Of course, it's possible that the wonderful surgical and post-op team at the TGH, or Ontario's wonderful no-orphans Obama-eat-your-heart-out health-care system are responsible for these "gold standard" results, and not just a great valve. It's impossible to tease out all those factors -- although they do point out 3 other long-term studies of the Hancock II (from Italy and maybe elsewhere) with very similarly impressive results.
But on the face of it, I think the evidence shows that the CEP Magna has great hemodynamics, significantly better than the Hancock II (and a short track record so far), and that the Hancock II has great durability, significantly better than the CEP and every other tissue valve.
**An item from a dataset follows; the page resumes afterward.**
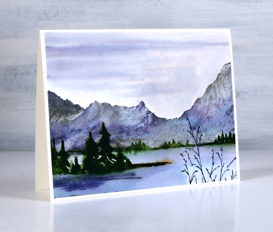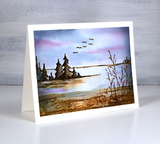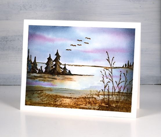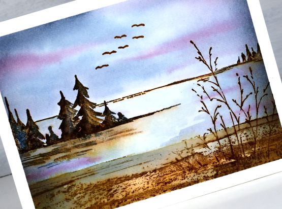 This scenic stamp from Penny Black is called Quietude and I think it is aptly named don’t you? I would be happy to wander along the shore of this lake today. It is getting cold, just on the edge of beginning to freeze but not there yet. The plants have died off but they are goldy brown colour, so still eye catching against the steely blue water. Okay, that’s enough waxing poetic for me. I plan to stamp and paint this as a winter scene soon but I enjoyed turning it into a late fall scene first.

I still occasionally bump into Internet statements (I thought one was on a "sticky" here, though I can't find it now) suggesting that the cow valves last maybe 5 years longer than the pig valves, despite this evidence. If anybody can tell me why either of my conclusions is NOT based on the evidence, please do.
As others have said, there's no "bad" valve, other than the one you've got now. And the valve YOUR surgeon is comfy sticking in YOUR heart is definitely a GOOD valve! But if you like making choices based on evidence, that's how I read the newest and best evidence. And like so many things in this @#$% area, even IT doesn't all point in the same direction!!